Without the images, repeat every line of the listing exactly.

• The data:
-------------------------
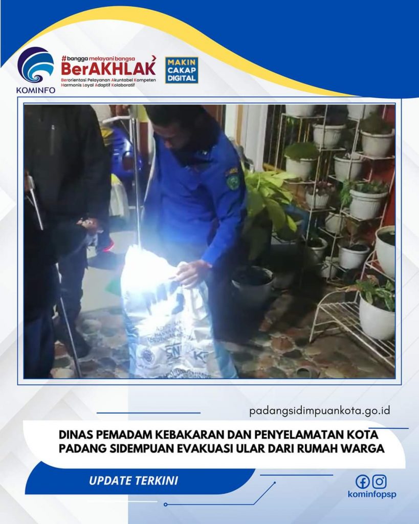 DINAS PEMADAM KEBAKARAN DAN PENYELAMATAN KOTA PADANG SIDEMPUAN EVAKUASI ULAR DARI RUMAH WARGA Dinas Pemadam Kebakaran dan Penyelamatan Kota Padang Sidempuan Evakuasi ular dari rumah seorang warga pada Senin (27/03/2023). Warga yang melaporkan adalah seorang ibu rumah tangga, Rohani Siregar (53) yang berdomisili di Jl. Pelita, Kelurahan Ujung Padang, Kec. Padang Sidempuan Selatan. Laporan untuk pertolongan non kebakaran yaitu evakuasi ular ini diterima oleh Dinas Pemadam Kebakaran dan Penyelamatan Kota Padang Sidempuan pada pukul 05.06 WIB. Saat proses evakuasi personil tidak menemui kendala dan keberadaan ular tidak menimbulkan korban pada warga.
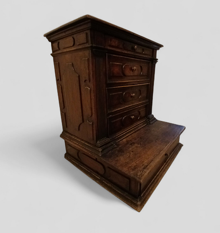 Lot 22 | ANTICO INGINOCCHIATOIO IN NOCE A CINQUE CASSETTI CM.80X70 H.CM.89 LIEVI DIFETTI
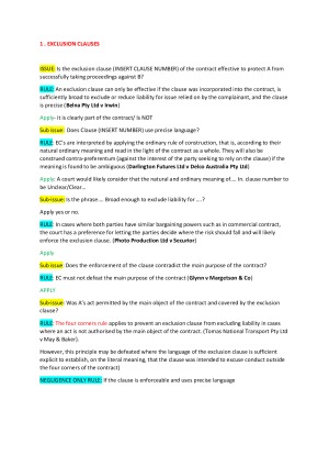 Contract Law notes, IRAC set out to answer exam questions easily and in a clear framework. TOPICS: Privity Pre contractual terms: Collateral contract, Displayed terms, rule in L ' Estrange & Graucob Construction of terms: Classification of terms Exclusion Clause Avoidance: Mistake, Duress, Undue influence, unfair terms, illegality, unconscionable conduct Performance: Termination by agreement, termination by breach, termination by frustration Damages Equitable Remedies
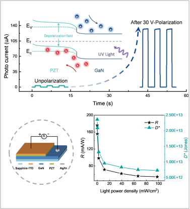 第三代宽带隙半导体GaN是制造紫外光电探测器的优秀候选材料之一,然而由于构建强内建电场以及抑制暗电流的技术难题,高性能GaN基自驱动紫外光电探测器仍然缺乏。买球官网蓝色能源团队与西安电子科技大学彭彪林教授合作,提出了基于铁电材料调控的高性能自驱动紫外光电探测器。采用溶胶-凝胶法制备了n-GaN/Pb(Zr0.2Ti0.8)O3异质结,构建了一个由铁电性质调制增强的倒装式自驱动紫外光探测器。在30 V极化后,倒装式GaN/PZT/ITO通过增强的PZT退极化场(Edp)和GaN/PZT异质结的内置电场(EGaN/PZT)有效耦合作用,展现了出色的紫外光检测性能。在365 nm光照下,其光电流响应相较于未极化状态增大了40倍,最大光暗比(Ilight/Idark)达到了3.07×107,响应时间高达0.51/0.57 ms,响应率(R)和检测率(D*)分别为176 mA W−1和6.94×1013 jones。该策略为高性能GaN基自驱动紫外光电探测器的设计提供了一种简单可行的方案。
-------------------------
• Solution to this task:
 DINAS PEMADAM KEBAKARAN DAN PENYELAMATAN KOTA PADANG SIDEMPUAN EVAKUASI ULAR DARI RUMAH WARGA Dinas Pemadam Kebakaran dan Penyelamatan Kota Padang Sidempuan Evakuasi ular dari rumah seorang warga pada Senin (27/03/2023). Warga yang melaporkan adalah seorang ibu rumah tangga, Rohani Siregar (53) yang berdomisili di Jl. Pelita, Kelurahan Ujung Padang, Kec. Padang Sidempuan Selatan. Laporan untuk pertolongan non kebakaran yaitu evakuasi ular ini diterima oleh Dinas Pemadam Kebakaran dan Penyelamatan Kota Padang Sidempuan pada pukul 05.06 WIB. Saat proses evakuasi personil tidak menemui kendala dan keberadaan ular tidak menimbulkan korban pada warga.
 Lot 22 | ANTICO INGINOCCHIATOIO IN NOCE A CINQUE CASSETTI CM.80X70 H.CM.89 LIEVI DIFETTI
 Contract Law notes, IRAC set out to answer exam questions easily and in a clear framework. TOPICS: Privity Pre contractual terms: Collateral contract, Displayed terms, rule in L ' Estrange & Graucob Construction of terms: Classification of terms Exclusion Clause Avoidance: Mistake, Duress, Undue influence, unfair terms, illegality, unconscionable conduct Performance: Termination by agreement, termination by breach, termination by frustration Damages Equitable Remedies
 第三代宽带隙半导体GaN是制造紫外光电探测器的优秀候选材料之一,然而由于构建强内建电场以及抑制暗电流的技术难题,高性能GaN基自驱动紫外光电探测器仍然缺乏。买球官网蓝色能源团队与西安电子科技大学彭彪林教授合作,提出了基于铁电材料调控的高性能自驱动紫外光电探测器。采用溶胶-凝胶法制备了n-GaN/Pb(Zr0.2Ti0.8)O3异质结,构建了一个由铁电性质调制增强的倒装式自驱动紫外光探测器。在30 V极化后,倒装式GaN/PZT/ITO通过增强的PZT退极化场(Edp)和GaN/PZT异质结的内置电场(EGaN/PZT)有效耦合作用,展现了出色的紫外光检测性能。在365 nm光照下,其光电流响应相较于未极化状态增大了40倍,最大光暗比(Ilight/Idark)达到了3.07×107,响应时间高达0.51/0.57 ms,响应率(R)和检测率(D*)分别为176 mA W−1和6.94×1013 jones。该策略为高性能GaN基自驱动紫外光电探测器的设计提供了一种简单可行的方案。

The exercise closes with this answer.